The function begins by choosing a word at random from the list of known start words. Then, as long as there are words that have been known to follow that word, it chooses one of the following words at random (exploiting the fact that this list of following words preserves multiplicity and so a random choice from the list is representative of likelihood in the corpus). Once the minimum word length is met (if it can be met), the function will keep adding words but will now start checking for words that are known to have occurred at the end of a title, so that it can preserve that property for the generated title.

These little tweaks (setting a minimum length, choosing to start with start words and end with end words) are all adjustments I made because I felt that these changes improved the subjective quality of the resulting titles. If you are planning on doing something similar, you may want to start by not including these tweaks and deciding on how to improve the quality yourself.

That’s all there is to it. I find that titles with a minimum length of about 3 to 5 words works out nicely. To aim for roughly that length, I call the make_title function with code that looks like:

var title = make_title(3 + Math.floor(3 * Math.random()));

Try it for yourself by clicking the Generate button:

Makah Encarnacao

February 12, 2013 at 9:46 pm

Please tell me what day and time "Dirty Little Man With Harmful Intent" airs.

Great article!

kmone

October 27, 2013 at 3:20 pm

Holy fuck, good to see that your markov chain take into account what words start title and what words end title, a thing a extreme amount of guys doing it forget.

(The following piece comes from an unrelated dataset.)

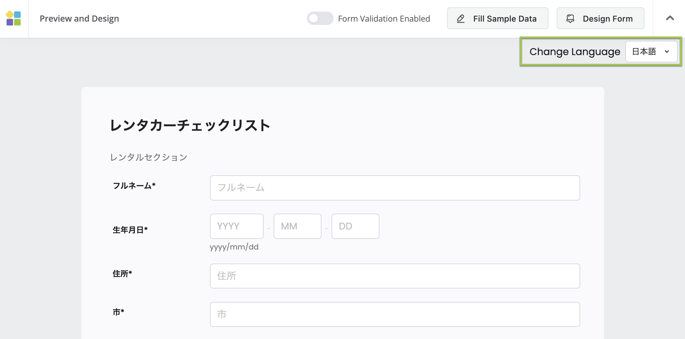 “Preview multi-languages” lets you see how your form looks in different languages:

Anyway, your markov chain generator, generate the title starting with the “title start” word by default.
A better idea, would be to generate the first word at random (including “title start” words and “title ends” words), if the first word you generate is not a title start word, you need to generate words before this word until you generate the title start word. Then you continue to generate words after the first one you got (unless the first word you generated was a “title end” word), until you generate the “title end” word

Jason Bury

October 28, 2013 at 6:42 pm

Kmone,

Are you suggesting to pick a random seed word then choose words from the Markov chain data to find preceding words, until I read a start word? That is a very interesting idea, and I don't think I've seen that done before.

The way I built my Markov chain, though, the data about frequencies of which words precede a given word isn't calculated or stored. The Markov chain data only has information about the frequencies of which words follow a given word (notice the arrows in the graph diagram all point to the right).

It would certainly be feasible to alter to code to make the Markov chain bi-directional, though (so that the arrows in the graph between nodes point in both directions). Maybe you can make a copy of my JSFiddle and try it. I'd be interested to see what you come up with.

Thanks for commenting on the blog post!

-Jason

Shaun Pedicini

July 27, 2014 at 6:04 am

@Kmone,

This is commonly referred to as backwards and forwards chaining. However in this particular instance it seems like a lot of work with no real value added. His program generates titles completely randomly whereas the primary advantage of backwards and forwards chaining is to allow you to seed a chain with a particular keyword.

@jbury,

If you’re interested in examples of bidirectional markov chaining I suggest you take a look at the chat bot, MegaHAL, which extracts a keyword from the users input to generate a relevant reply chain.

Jason Cataldo

February 14, 2016 at 9:03 pm

why don’t you create a program that uses markov chains to generate readable articles based on a set of keywords and sell it to seo people? you’d make a fortune in renewals and rebills.